Among those who came were two groups of people who were closely related theologically, but culturally divided; one group came from Switzerland and South Germany, the other from the Netherlands, Prussia, and Russia. The latter group came first, but were soon overtaken by the former in numbers, at least until well into the 1800s.

There were Dutch Mennonites in Manhattan as early as 1644, and on Long Island in 1657. In 1663, a settlement of forty-one Mennonites was established on the Delaware River, but the colony was destroyed a year later by British troops.

In 1681, a group of thirty-four Mennonites and Quakers came together to America from Krefeld, Germany, settling in what became Germantown, now a suburb of Philadelphia. It was from this group that the first formal protest against the practice of slavery was filed. Now acknowledged as the birthplace of the American anti-slavery movement, a petition was filed on behalf of the Germantown Meeting of the Religious Society of Friends. Due to a firmly held belief in the separation of church and state, Mennonites did not file petitions, but it was clear that the entire settlement was united in opposition to slavery. At first, the Mennonites and Quakers met together for worship, but they later built separate meeting places, although they continued an amiable relationship. The Mennonites soon almost covered what is now Lancaster County, and continued to branch out.

Establishing a base, as it was, new Mennonite arrivals in America nearly always came first to eastern Pennsylvania. They also moved west to Ohio, Illinois, and Indiana. By the time of the American Civil War in 1860, a group of approximately five hundred Mennonites and Amish-Mennonites had come to Ohio and Indiana directly from Switzerland.

Others moved north into Canada, largely to escape the animosity that sometimes resulted from their refusal to participate in the Civil War. But some were already there as, by 1800, several groups of Mennonites had left Pennsylvania for the Niagara area in Ontario. In 1807, Benjamin Eby, a Mennonite, founded Ebytown, which later became Kitchener, Ontario.

The number of South German and Swiss Mennonite and Amish immigrants to the United States probably didn't exceed eight thousand, but the number of Mennonites who came from the Netherlands, Prussia, and Russia was much higher, and most of them came in mass movements of people.

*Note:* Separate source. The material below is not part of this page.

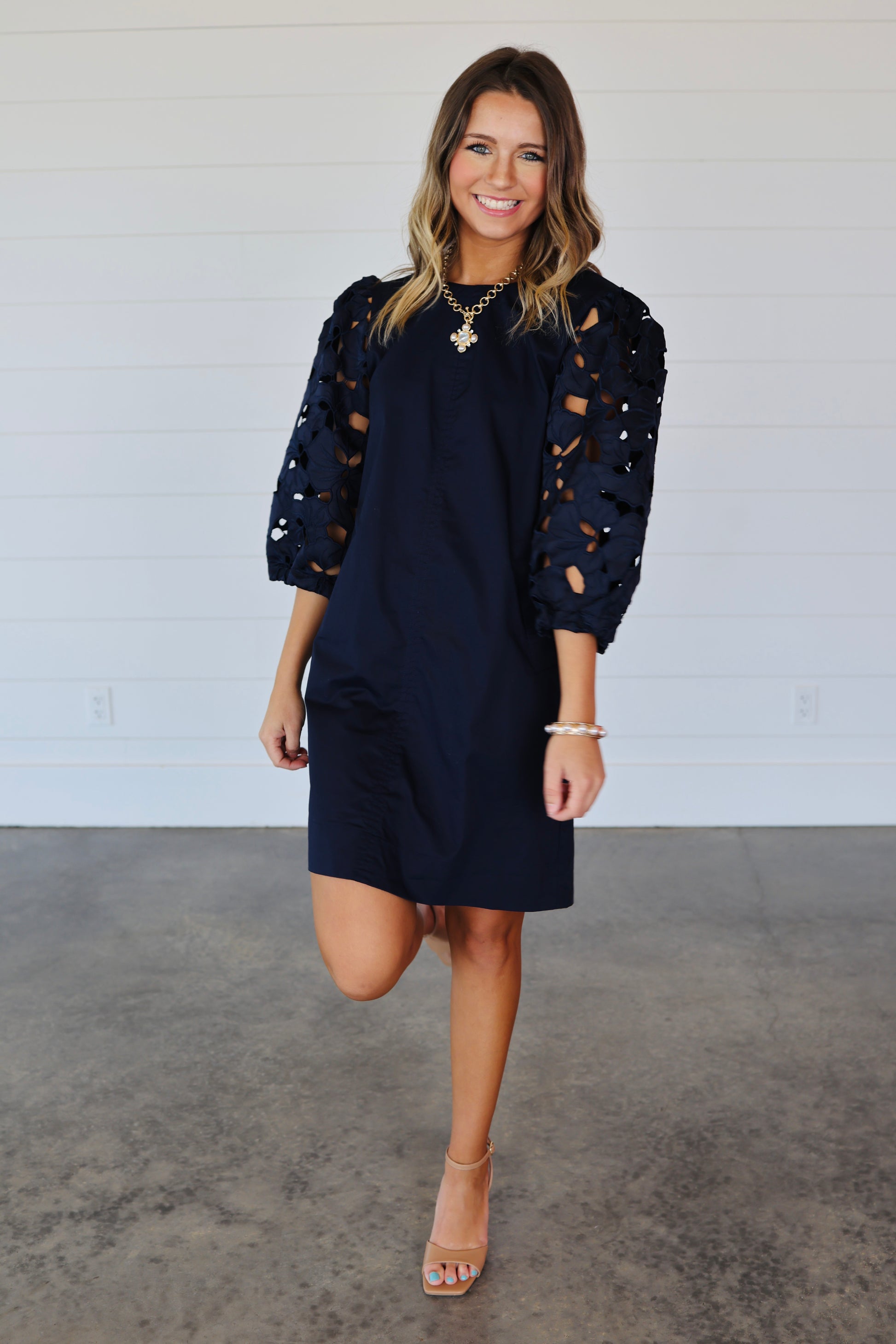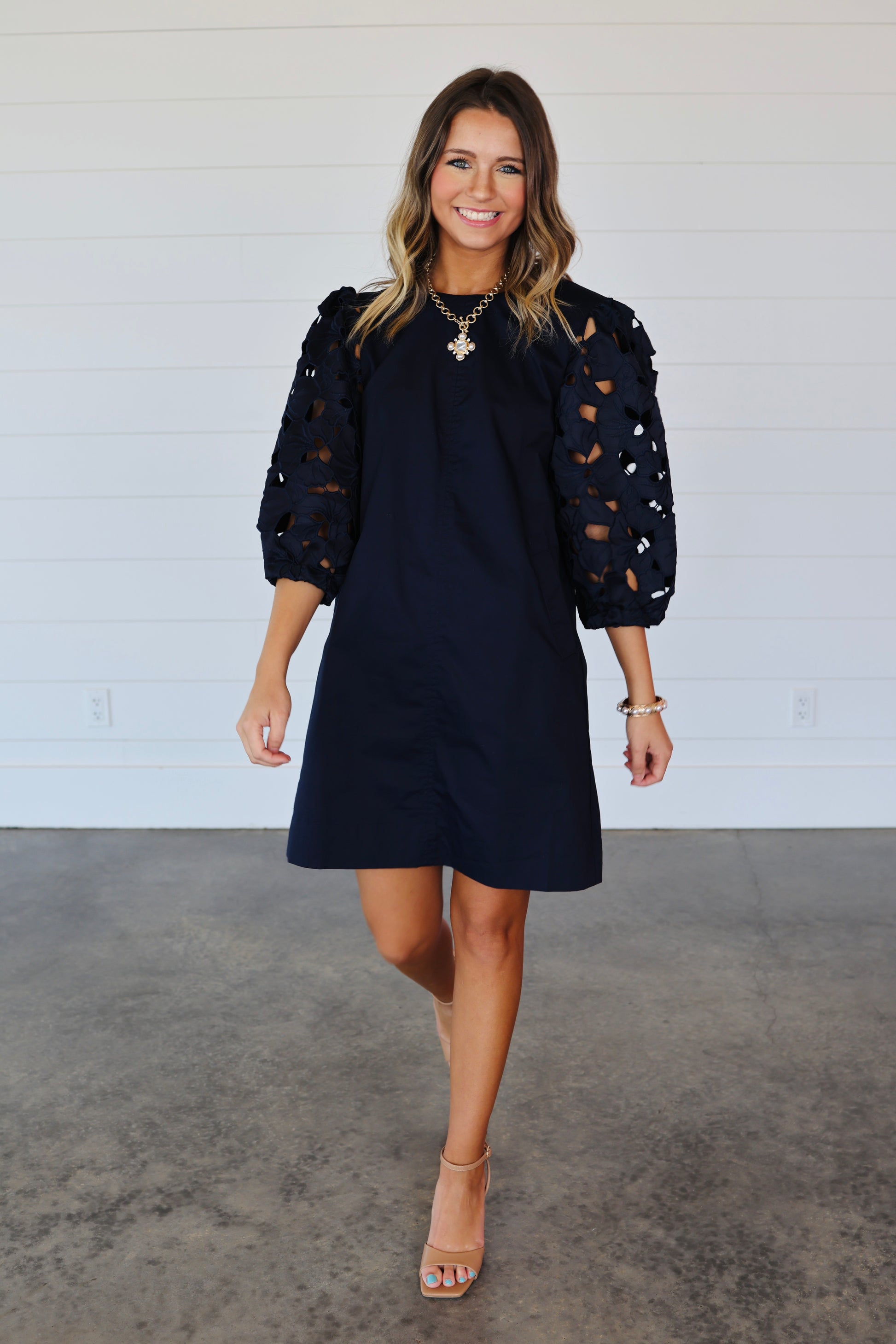Eyelet 3/4 sleeves dress

Between 1873 and 1884, about eighteen thousand Mennonites came from Russia to the Midwestern part of the United States. Being conservative, they tended to find even the alternative service offered to them, by the Russian government, in lieu of military service to be unacceptable, so they came to North America. They settled in Manitoba, Minnesota, South Dakota, Nebraska, and Kansas. About three hundred from Prussia, and about four hundred from Poland, also came, settling in Kansas and South Dakota. During World Wars I and II, pressures from the surrounding population prompted conservative Mennonites to cross the border into Canada, while other Mennonite groups were more or less assimilated into the Protestant populations.

In the 1920s, more than twenty thousand Mennonites came from the Soviet Union, settling largely in Canada, although a small number of them went to California.

The total number of Dutch-Prussian-Russian Mennonites immigrating to North America was around sixty thousand. Added to the earlier Swiss-South German, and some additional Prussian Mennonites, and Hutterites, who were also Anabaptists, the number of all of these groups was more than seventy thousand.